Феликс Мартынов не услышал команды, он ее почувствовал, понял, что, если не остановить хотя бы одну неприятельскую машину, его товарищи будут смяты, вдавлены в землю, может случиться самое страшное – люди отступят, побегут под пулеметным огнем и будут расстреляны, раздавлены танками.
Феликс полз навстречу танку, не слыша выстрелов ни чужих, ни своих, ничего не видя, кроме широкой стальной груди танка. Он приподнялся, замахнулся и изо всей силы бросил гранаты под правую гусеницу и, стараясь как можно теснее прильнуть к сырой земле, увидел – танк горит.
Ползком Феликс вернулся к своим. Свалился в окоп и, тяжело дыша, прерывисто сказал:
– Все! Готово!
Соломенцев только одобрительно кивнул, и тут раздался страшный грохот. Феликс потерял сознание.
Когда он очнулся, то никак не мог сообразить, какое сейчас время суток – день или вечер. В голове шумело, во рту был железный привкус, хотелось пить.
В окопе возился рядовой Виктор Хомяков, Феликс узнал его по широкой сутулой спине. Сначала Мартынов не понял, чем занят Хомяков, а потом, приподнявшись, разглядел, что он вытаскивает из окопа мертвого, в котором Феликс, к ужасу своему, узнал Соломенцева.
– Витя! – хотел крикнуть Феликс и не смог, а только прохрипел.
Но Хомяков все же услышал.
– Ты живой?
– Витя, помоги мне…
Но Хомяков смотрел не на него, а в сторону, на разрушенный бруствер, вернее на то, что недавно называлось этим военным словом. Целике тоже посмотрел туда – наверху стоял немецкий солдат, стоял спокойно, курил.
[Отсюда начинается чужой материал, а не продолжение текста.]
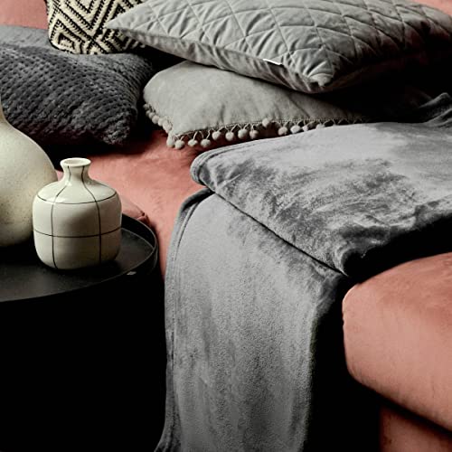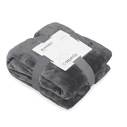 HOMLA Rote Fleecedecke Flauschig und Warm – für Couch Sofa und Bett Kuscheldecke Sofadecke Wohndecke – Pflegeleicht 150 x 200 cm Grau

Связь со штабом фронта и с соседями была потеряна седьмого октября. Восьмого октября над частями окруженной 19-й армии появились наши самолеты, сбросили продовольствие и боеприпасы. Еще раз самолеты появились девятого – прошли на запад бомбить противника.
Поняв, что его армия окружена окончательно, Лукин отдал приказ выходить небольшими группами. В ночь на 12 октября Лукин в кромешной тьме отстал от работников штабарма и остался один, а утром немецкая пуля перебила Михаилу Федоровичу локтевой нерв. К счастью, поблизости оказались две девушки, совсем еще девочки, санинструкторы.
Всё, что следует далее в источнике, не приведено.